The brief
Facebook advertising in 2017 was extraordinarily powerful — and extraordinarily difficult to use. The platform had become so complex that most small and medium businesses either couldn't use it properly or were wasting significant budget through poor campaign structure and targeting. Filed was built to change that.
The proposition was genuinely ambitious: an AI engine that would learn what campaigns worked in your specific industry, guide you through the process of building them, and then optimise them in real time once they were live. I worked alongside an AI specialist who built the engine itself — my role was to design everything the user actually saw and experienced.
The brand challenge
Most AdTech brands look the same — cold blues, dark interfaces, charts everywhere, language full of jargon about performance and conversion. That visual language signals credibility to enterprise buyers but it intimidates the SMB market Filed was primarily targeting.
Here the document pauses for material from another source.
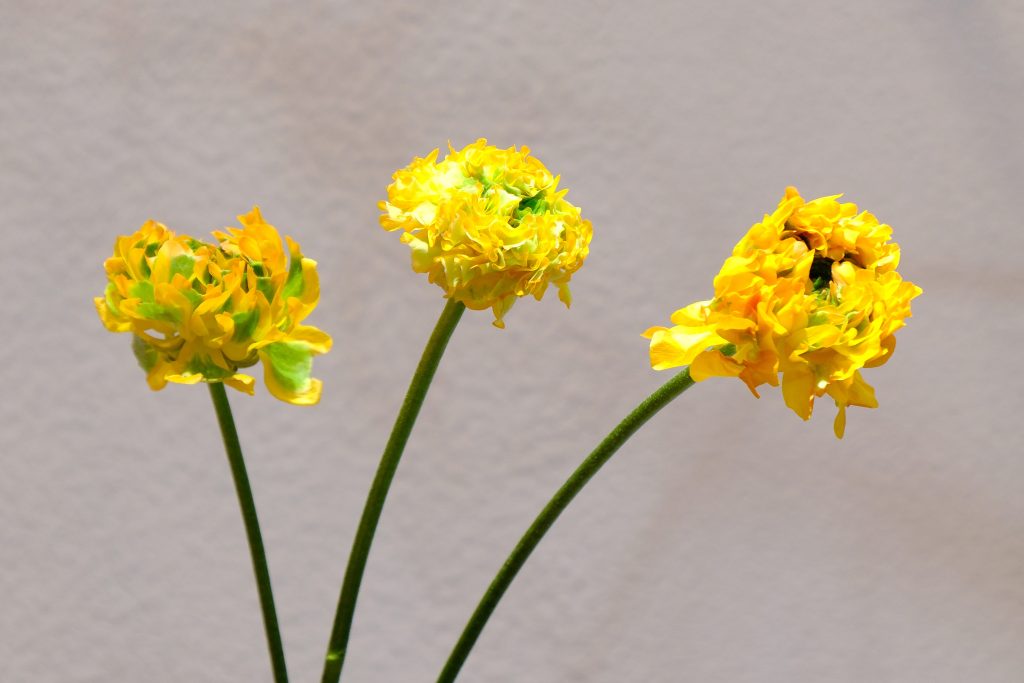 前半でラナンキュラスの全体の姿を楽しんだら、今度は花色に注目した生け方をしてみましょう。

The brand needed to feel like it was on your side — approachable and human enough for a small business owner, technically credible enough for a performance marketer. That's a harder balance than it sounds.
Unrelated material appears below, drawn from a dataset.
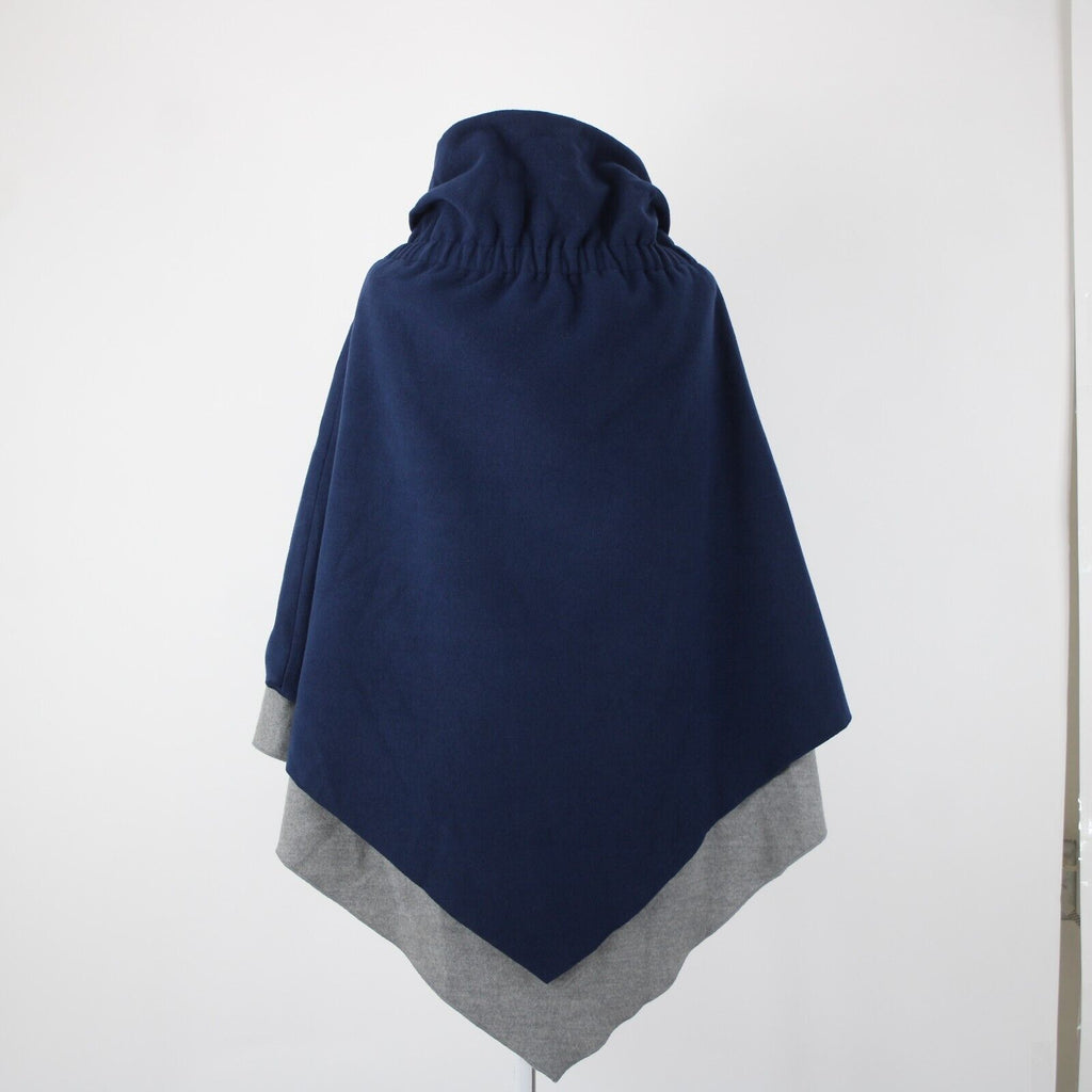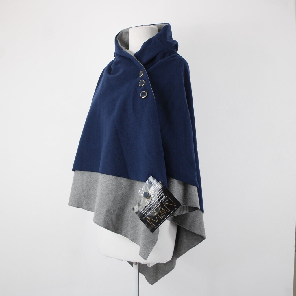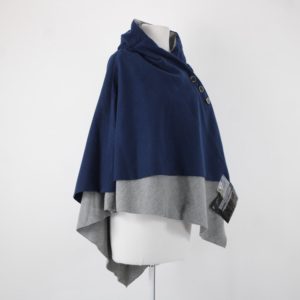 Iman NEW Sz M/L Navy Blue Gray Button Detail Collared Polyester Rayon Wrap

The brand needed to feel like it was built for people who wanted results, not people who wanted to understand algorithms.
Visual identity decisions
The most deliberate decision was the colour palette. I chose sky blue and coral — warm, energetic and distinctly human — specifically to break away from the cold corporate blues that dominated the AdTech space. The palette said "friendly and capable" rather than "technically impressive but intimidating."
Colour palette
Sky blue and coral as primary brand colours — deliberately warm and approachable, a direct departure from the cold blues and greys that most competing platforms used. Chosen to feel human first, technical second.
Typography & tone
Clean, modern sans-serif throughout — no serif heritage, no aggressive display fonts. The typographic system needed to work across marketing materials and product UI without feeling like two different brands. Language focused on outcomes, not technology.
Illustration system
Isometric 3D illustrations rather than product screenshots for marketing materials — a deliberate choice to explain complex concepts visually without exposing the product before it was ready, and to give the brand a distinctive visual style competitors couldn't easily replicate.